My questions start with who sells a BMS that I can use and do I need 1 or 12 separate BMS's for this pack design?

Also how would I go about charging a pack such as this? Would I charge as a whole or each of the 12 packs separately? What kind of charger is specifically designed for LiFePO4 batteries?

The reason I chose the 18650's is that I needed to create a rather special shaped series of packs to fit in a well designed package to keep the weight of the batteries as low in the frame as possible for handling characteristics.
80% of the batteries will be stored in a sealed Alloy case mounted below the wheel axle centerlines making the bike "feel" much lighter while under motion than it truly is.

Once the prototype is finished and I have some time to do some testing I will figure out if the 36v system is ideal or a larger 48v or 72v system will be needed. So far it has been a real blast building this bike, sorry I don't have any pictures just yet but as things come together a bit more I will post some. 

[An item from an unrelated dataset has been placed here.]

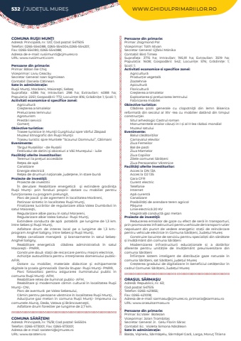 532 / JUDE%u021aUL MURE%u0218 WWW.GHIDULPRIMARIILOR.ROCOMUNA RU%u015eII MUN%u0162IAdres%u0103: Principal%u0103, nr. 120; Cod po%u0219tal: 547505Telefon: 0265-554088, 0265-554004,0265-554201; Fax: 0265-554180, 0265-554088; Adresa de e-mail: rusiimunti@cjmures.roURL: www.rusiimunti.comPersoane din primarie:Primar:%u00a0B%u0103lan Ilie%u00a0Chi%u015fViceprimar: Liviu%u00a0Ceac%u0103uSecretar General:%u00a0Ioan%u00a0SigmireanContabil:%u00a0Daniela%u00a0C%u0103tinean%u00a0Sate %u00een administra%u021bie:Ru%u015fii Mun%u0163i, Mor%u0103reni, Maiore%u015fti, Sebe%u015fSuprafa%u021ba:%u00a0 4386 ha; Intravilan:%u00a0 298 ha; Extravilan:%u00a0 4088 ha; Popula%u021bia:%u00a02251; Gospod%u0103rii:%u00a0772; Locuin%u021be:%u00a0816; Gr%u0103dini%u021be:%u00a01; %u0218coli:%u00a01; Activitati economice si specifice zonei:Agricultur%u0103Cre%u015fterea animalelorPrelucrarea lemnuluiAgroturismPrest%u0103ri serviciiComer%u0163Obiective turistice:Trasee turistice %u00een Mun%u0163ii Gurghiului spre V%u00e2rful Z%u0103spadMuzeul Etnografic din Ru%u015fii Mun%u0163iiTraseu turistic spre Muntele %u201cScaunul Domnului%u201d, C%u0103limaniEvenimente:T%u00e2rgul Rusaliilor - de RusaliiFestivalul de datini %u015fi obiceiuri a V%u0103ii Mure%u015fului - iulieFacilit%u00e3%u0163i oferite investitorilor:Terenuri la pre%u0163uri accesibileRe%u0163ea de ap%u0103CanalizareEnergie electric%u0103Re%u0163ea de drumuri na%u0163ionale, jude%u0163ene, %u00een stare bun%u0103Proiecte de investi%u0163ii:Proiecte de investitii%u00cen derulare: Reabilitare energetic%u0103%u00a0 %u015fi extindere gradini%u0163a Ru%u015fii Mun%u0163i- prin fonduri%u00a0 proprii-%u00a0 dotare cu mobilier pentru func%u0163ionarea cu program prelungit,Parc de joac%u0103%u00a0 %u015fi de agrement %u00een localitatea Mor%u0103reni,Patinoar sintetic %u00een localitatea Ru%u015fii Mun%u0163i,Finalizarea lucr%u0103rilor de regularizare albia Valea Dumbr%u0103vii %u00een satul Maiore%u015fti,Regularizare albie parau %u00een satul Morareni,Regularizare albie Valea Satului- Ru%u015fii Mun%u0163i,Extindere conducta de ap%u0103%u00a0 potabil%u0103%u00a0 pe lungime de 1,3 km. %u00eentre Sebes %u015fi Ru%u015fii Mun%u0163i,Asfaltare drum de interes local pe o lungime de 1,3 km.- program Anghel Saligny, %u00eentre Sebes %u015fi Ru%u015fii Mun%u0163i,Re%u0163ea canalizare menajer%u0103%u00a0 %u015fi bransamente %u00een satul Sebe%u0219Anghel Saligny,Reabilitare energetic%u0103%u00a0 cl%u0103direa administrativ%u0103%u00a0 %u00een satul Maiore%u015fti - PNRR,Construire dou%u0103%u00a0 sta%u0163ii de reicarcare pentru ma%u015fini electrice,Achizi%u0163ie autoutilitara pentru intre%u0163inerea domeniului publicAFIR,Dotare cu mobilier, materiale didactice %u015fi echipamente digitale la %u015fcoala gimnazial%u0103%u00a0 Danila Stupar- Ru%u015fii Mun%u0163i- PNRR,Parc fotovoltaic pentru asigurarea iluminatului public %u00een comuna Ru%u015fii Mun%u0163i- AFM,Reabilitare retea de iluminat public- AFM,Reabilitare %u015fi modernizare c%u0103min cultural %u00een localitatea Ru%u015fii Mun%u0163i- CNI,Parc de aventur%u0103%u00a0 pe Valea Sebesului,C%u0103min pentru persoane v%u00e2rstnice %u00een localitatea Ru%u015fii Mun%u0163i,Aduc%u0163iune gaz metan %u00een comuna Ru%u015fii Mun%u0163i- %u00eempreuna cu comunele Aluni%u015f, Deda, Vatava %u015fi Br%u00e2ncovene%u015fti,Asfaltare drum forestier pe lungime de 2,7 km.COMUNA S%u0102R%u0102%u0162ENIAdres%u0103: Principal%u0103, nr. 75/B; Cod po%u0219tal: 545504Telefon: 0265-573001; Fax: 0265-573001; Adresa de e-mail: sarateni@cjmures.roURL: www.sarateni.roPersoane din primarie:Primar: Zsigmond PalViceprimar: Toth IstvanSecretar General: %u00dajfalvi M%u00f3nikaContabil: Bir%u00f3 TimeaSuprafa%u021ba:%u00a0 3715 ha; Intravilan:%u00a0 195,91 ha; Extravilan:%u00a0 3519 ha; Popula%u021bia:%u00a0 1608; Gospod%u0103rii:%u00a0 542; Locuin%u021be:%u00a0 576; Gr%u0103dini%u021be:%u00a0 1; %u0218coli:%u00a01; Activitati economice si specifice zonei:Agricultur%u0103Produc%u021bie vegetal%u0103ZootehnieApicultur%u0103Floricultur%u0103Cre%u015fterea animalelorExploatarea %u015fi prelucrarea lemnuluiFabricarea mobileiObiective turistice:Cl%u0103direa %u015fcolii generale cu clopotni%u0163%u0103 din lemn Biserica reformat%u0103 din secolul al XIV -lea cu mobilier dat%u00e2nd din timpul construc%u0163ieiSitul arheologic Castrul romanMonumentele eroilor c%u0103zu%u021bi %u00een I %u0219i al II-lea r%u0103zboi mondialMuzeul satuluiEvenimente:Balul c%u0103s%u0103tori%u021bilorCarnavalul elevilorZiua FemeilorBal de pa%u0219tiZiua MamelorZiua CopiilorZilele comunei S%u0103r%u0103%u021beniZiua Persoanelor V%u00e2rstniceFacilit%u00e3%u0163i oferite investitorilor:Acces la DN 13AAcces la DJ 135Gara CFRCurent electricTelefonieInternetAp%u0103 curent%u0103CanalizarePosibilit%u0103%u021bi de arendare teren agricolP%u0103%u0219uneLinie electric%u0103 20 KVMagistral%u0103 conduct%u0103 gaz metanProiecte de investi%u0163ii:Reducerea emisiilor de gaze cu efect de ser%u0103 %u00een transporturi, prin promovarea infrastructurii pentru vehicule de transport rutier nepoluant din punct de vedere energetic: sta%u021bii de re%u00eenc%u0103rcare pentru vehicule electrice %u00een Comuna S%u0103r%u0103%u021beni, Jude%u021bul Mure%u0219Construire locuin%u021be de serviciu pentru speciali%u0219ti din s%u0103n%u0103tate %u0219i %u00eenv%u0103%u021b%u0103m%u00e2nt din comuna S%u0103r%u0103%u021beniModernizarea infrastructurii educa%u021bionale %u0219i a dot%u0103rilor aferente pentru unit%u0103%u021bile de %u00eenv%u0103%u021b%u0103m%u00e2nt preuniversitare din comuna S%u0103r%u0103%u021beni%u00cenfiin%u021bare sistem inteligent de distribu%u021bie gaze naturale %u00een comuna S%u0103r%u0103%u021beni, sat S%u0103r%u0103%u021beni, jude%u021bul Mure%u0219Cre%u0219terea gradului de digitalizare %u00een beneficiul cet%u0103%u021benilor %u00een cadrul Comunei S%u0103r%u0103%u021beni, Jude%u021bul Mure%u0219ORA%u0218UL S%u0102RMA%u015eUAdres%u0103: Republicii, nr. 63;Cod

I'm also in the process of writing a book detailing how to build a complete custom cruiser bicycle from concept to cruising. It will include chapters on basic bicycle theory and geometry; frame and fork design; frame building; molded fake gas tanks; spoked wheel building; paint, polish, and anodizing; and final assembly. Also included will be a whole multi chapter section on building your creation into an electric assisted cruiser. I'm hoping to have the book finished by sometime early next Spring and will be available through Amazon books.

Thanks in advance for everyones help. later Travis


----------